When Court of Appeals Chief Judge Mary Ellen Barbera informed Gov. Larry Hogan the three judges who sit on the Baltimore City Criminal Justice Coordinating Council would not attend the meeting Hogan called to question the suspension of sentences for crimes involving the use or possession of handguns in Baltimore, she explained that under the Maryland Code of Judicial Conduct judges “shall not be swayed by public clamor or fear of criticism.” Fair enough, because it sounded as if the governor’s agenda was to jawbone the judges into reducing the number and length of suspended sentences.
There is nothing in the Code of Judicial Conduct, however, that suggests that judges have the right to thwart criticism by secreting their performance from public view. The database maintained by the MSCCSP contains a wealth of information about criminal sentences but it does not allow members of the public to determine the rates with which individual judges comply with the sentencing guidelines promulgated by the commission. The names of the judicial circuits are captured in the database – but not the names of the individual judges.
The sentencing guidelines are an effort at establishing sentencing best practices, intended to “support fair and proportional sentencing policy (and) increase equity in criminal sentencing practice.” Judges are required to document their reasons for imposing sentences outside of the recommended guideline ranges. The guidelines also are supposed to “promote increased visibility . . . of the sentencing process.” Increased visibility, but not total visibility?
The Code of Judicial Conduct also compels judges to act in a manner that promotes public confidence in the Judiciary. It strikes me that nothing inspires confidence less than an unwillingness to be completely open and transparent about a judge’s performance, including the extent to which he or she complies with sentencing guidelines.
It is human nature to suspect that someone is trying to hide something when information is withheld. Based on about 40 years of experience in government, I have found that such suspicion is not unreasonable when applied to public officials.
Making the compliance rates of individual judges available is likely to demonstrate judges are doing their best to impose fair and data-based sentences that protect the public. If, however, the information discloses that one or more judges are deviating significantly from the sentencing guidelines, then that is something that citizens and members of the General Assembly have the right to know. That knowledge would inform decisions about legislation and about the retention or removal of specific judges.
The Judiciary is hardly the only component of the state’s criminal justice system that is reticent to reveal too much information to the public. For example, the Baltimore Police department provides case closure rates but no data on how many of the closed cases result in convictions or guilty pleas.
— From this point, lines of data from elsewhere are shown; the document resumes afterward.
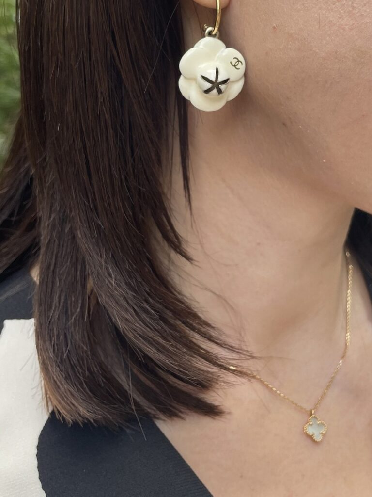 「ピアスは『CHANEL』のカメリアデザインのものを。ペンダントは『Van Cleef & Arpels』の白をチョイス。どちらもトップスのモノトーンのお花のデザインに寄せて選びました」
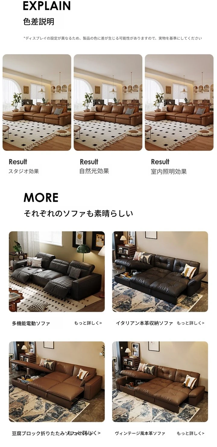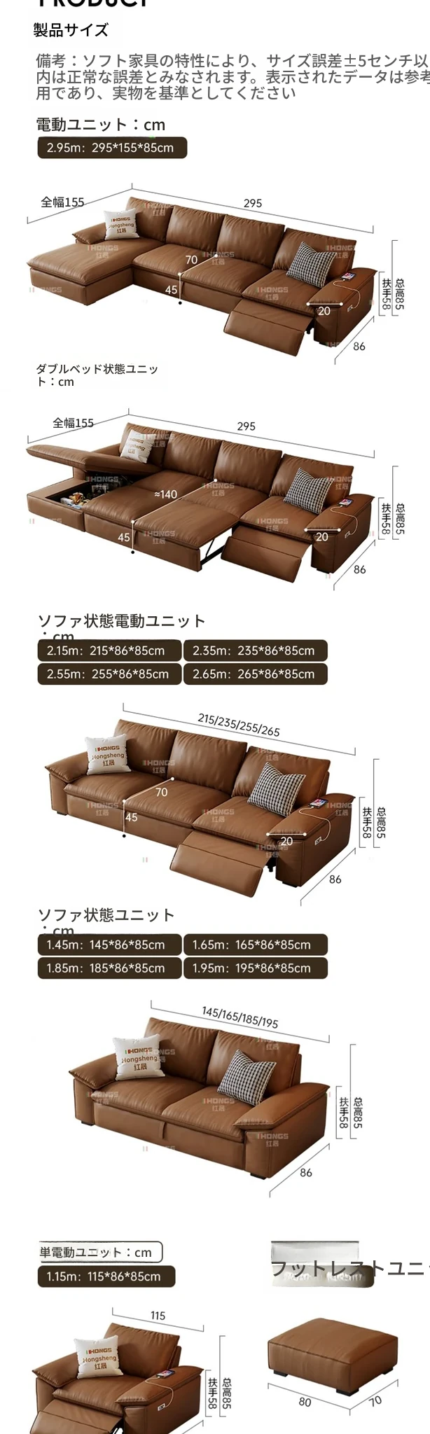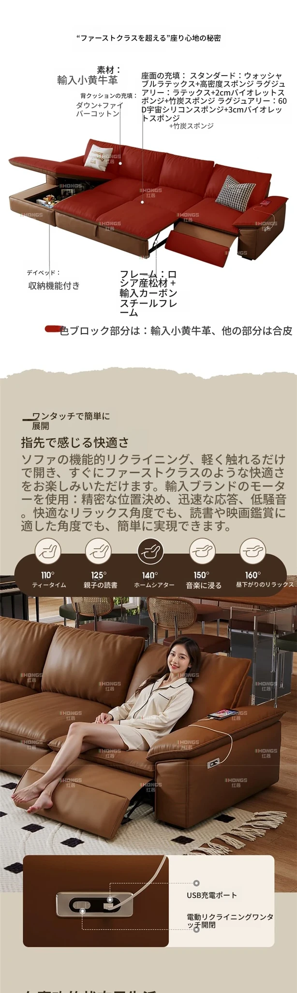 【フラッグシップ版・雲のような座り心地】2.55メートル 単電動機能+二人用【接触面は上質な小黄牛革】
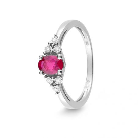 Deze witgoudenring van 9 karaat is een ring met een grote robijn en diamanten 0,05 karaat GH P2/P3. Dit kan van binnen worden gegraveerd.
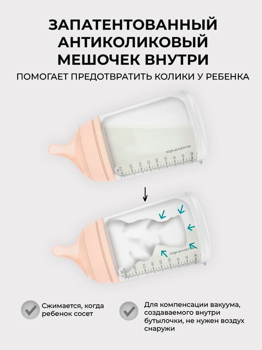 SUAVINEX Zero.Zero Бутылочка для новорожденных 0+ ( медленный поток) 180 мл, антиколиковая бутылочка с соской информация:
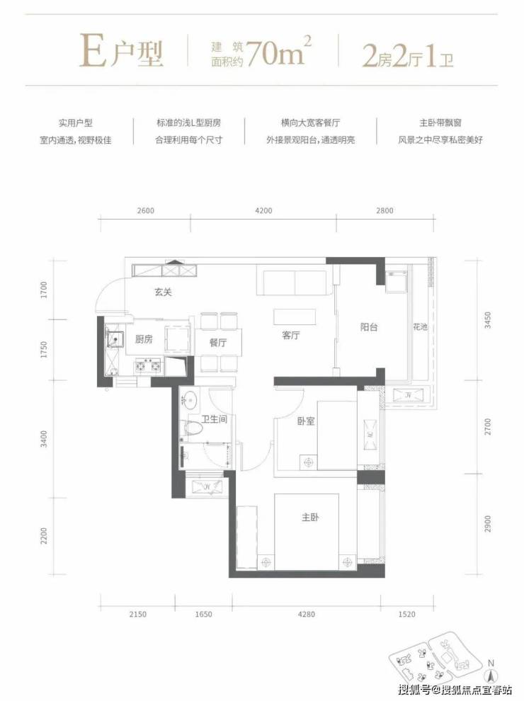 70㎡的2房2厅1卫,设计的是竖厅格局,客厅3.45米开间,进门玄关,LDKB一体化设计,2个卧室分别做到了主卧13.2㎡/次卧8.64㎡(包含墙体飘窗),L型厨房,卫生间干湿分离,得房率72.47%(不含赠送),有朝东向或西向。
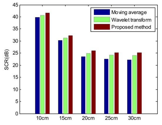 Figure 10 shows the clutter suppression results for each of the four diseases using the proposed clutter suppression method. Obviously, the clutter is largely suppressed. In order to further analyze the advantages of the proposed method, a comparative experiment is carried out. Taking a void disease as an example, the disease has different burial depths. Figure 11 presents the signal-to-clutter ratio (SCR) at various burial depths and for different clutter suppression methods (moving average [33], wavelet transform [34], and the proposed method). It is clearly seen that the proposed method is superior to the other methods.

The Baltimore City State’s Attorney’s Office boasts a conviction rate of 93 percent based on cases taken to trial but gives no useful information on the cases that do not go to trial, or on charges that are dropped or reduced for purposes of plea agreements.
For each component of the criminal justice system, the reason for the gap in information is the same: The more information you make available, the more you expose yourself to possible criticism.
The only way to restore the faith of the public in the criminal justice system is for the three components of the system to fully commit to openness and transparency, making as much information available to the public as possible. Judges, prosecutors and police must trust the public to evaluate the information responsibly – that old trust-is-a-two-way-street thing.
Sitting at the top of the system, the Judiciary should initiate the shift in philosophy by making it possible for the public to find out the extent to which individual judges comply with Maryland’s sentencing guidelines. The principle of judicial independence can coexist with the public’s right to information about its government.
[Published as guest commentary by The Daily Record on September 22, 2017 but not posted to my blog until December 24, 2017. The date of posting that appears above was backdated to place all posts in the order in which they were written.]